Every year, the Music Department graduates a number of promising and accomplished music majors from the College. We are very excited to celebrate the achievements of Leo Mehring-Keller, who received the 2026 Leonard B. Meyer Prize for Musical Excellence, as well as Willow Zhu, who received the 2026 Olga and Paul Menn Prize for Composition.
Leo Mehring-Keller, 2026 Leonard B. Meyer Prize for Musical Excellence
Abstract:
"Finding Solace in Modernist Complexity: Pentatonicism in the Slow Movements of Mahler's Fifth and Sixth Symphonies" analyzes Gustav Mahler's use of pentatonic motives and harmonies in the Adagietto and Andante moderato of his Fifth and Sixth Symphonies, respectively, to posit that these moments provide simple, hopeful, and sincere meanings amid Mahler's otherwise overwhelming complexity and irony. Drawing on rotational form, the hermeneutics of the pentatonic scale in the Romantic period, and the acoustic properties of the pentatonic set class, the thesis's musical analysis suggests that it is reasonable to associate Mahler's use of pentatonicism with simplicity. The second half engages with Theodor W. Adorno's idea of the banal in Mahler and a number of texts from the modernist literary canon to propose that the seemingly banal simplicity of pentatonicism is how Mahler attempted to sincerely address the modernist experience of abandonment and loss.
About Leo Mehring-Keller:
Leo Mehring-Keller is an honors graduate from the University of Chicago with a dual B.A. in Music and Philosophy. He plays oboe and piano and was a member of the University Symphony Orchestra, Chamber Orchestra, and Middle East Music Ensemble during his time in the College. He also studied composition with Augusta Read Thomas, writing pieces for the New Music Ensemble and ~Nois Quartet. Leo's interest in Mahler and the relationship between music theory and aesthetics more broadly will continue as he pursues a PhD in music theory after graduation, while serving as a research assistant for Professor Thomas Christensen's Thinking Music: Global Sources for the History of Music Theory anthology.

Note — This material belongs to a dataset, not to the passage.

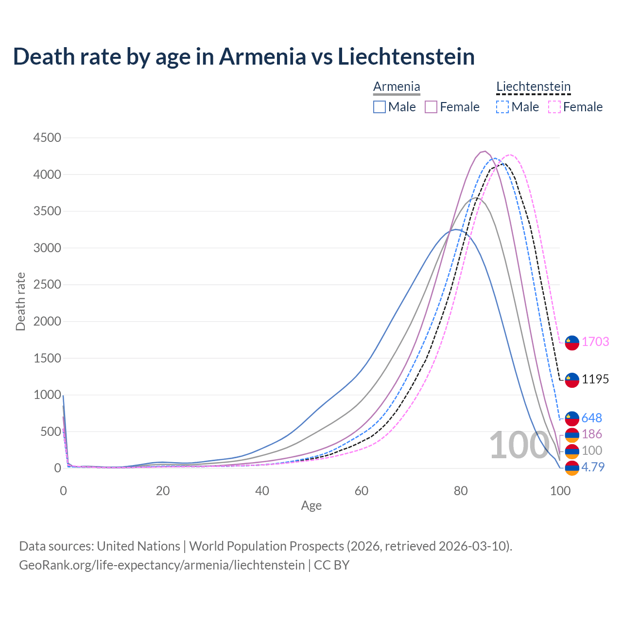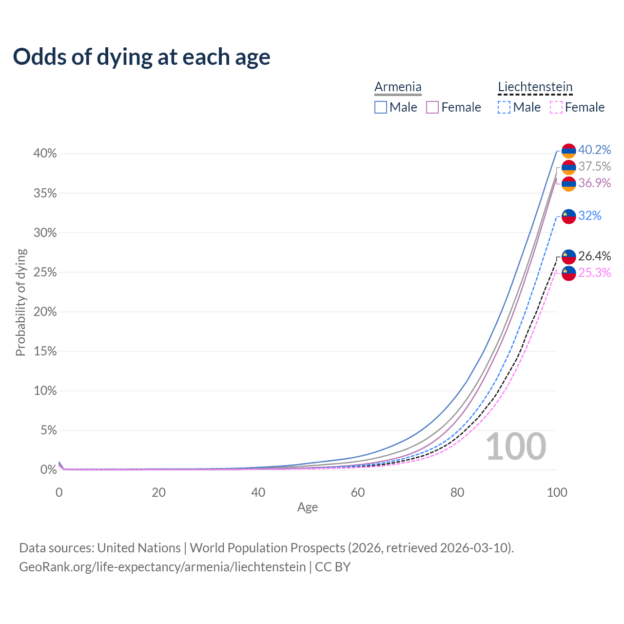 This life expectancy calculator shows the odds of living to 100, 95, 90, and below based on current age for both males and females in Armenia and Liechtenstein, along with mean and median age of death. The calculations are based on the 2026 life tables (actuarial tables) from the UN World Population Prospects.

Willow Zhu, Olga and Paul Menn Prize for Composition
Abstract:
“Lessons That I Learned in College” is a composition project focused on popular music songwriting. I wrote and recorded eight songs to culminate an album about the lessons I have learned in college. These songs are about the interactions, memories, self-reflections, and fall-ins and fall-outs that ultimately helped me discover myself. This album explores the metamorphosing facets of identity; who I am when it’s just me in the room, who I am with my friends, who I am with strangers, and ultimately who I am in this world.
About Willow Zhu:
Willow Zhu is an honors graduate of the University of Chicago, earning her Bachelor of Arts in Economics and Music, and a minor in Entrepreneurship and Innovation. She grew up playing classical piano and viola and has been writing popular music since the age of 12. She spent eight years writing country pop music in Nashville, Tennessee, and continued to make trips during her school vacations in college. She has released one EP and six singles as a singer songwriter. After graduation, Willow is moving New York City to start her career in consulting.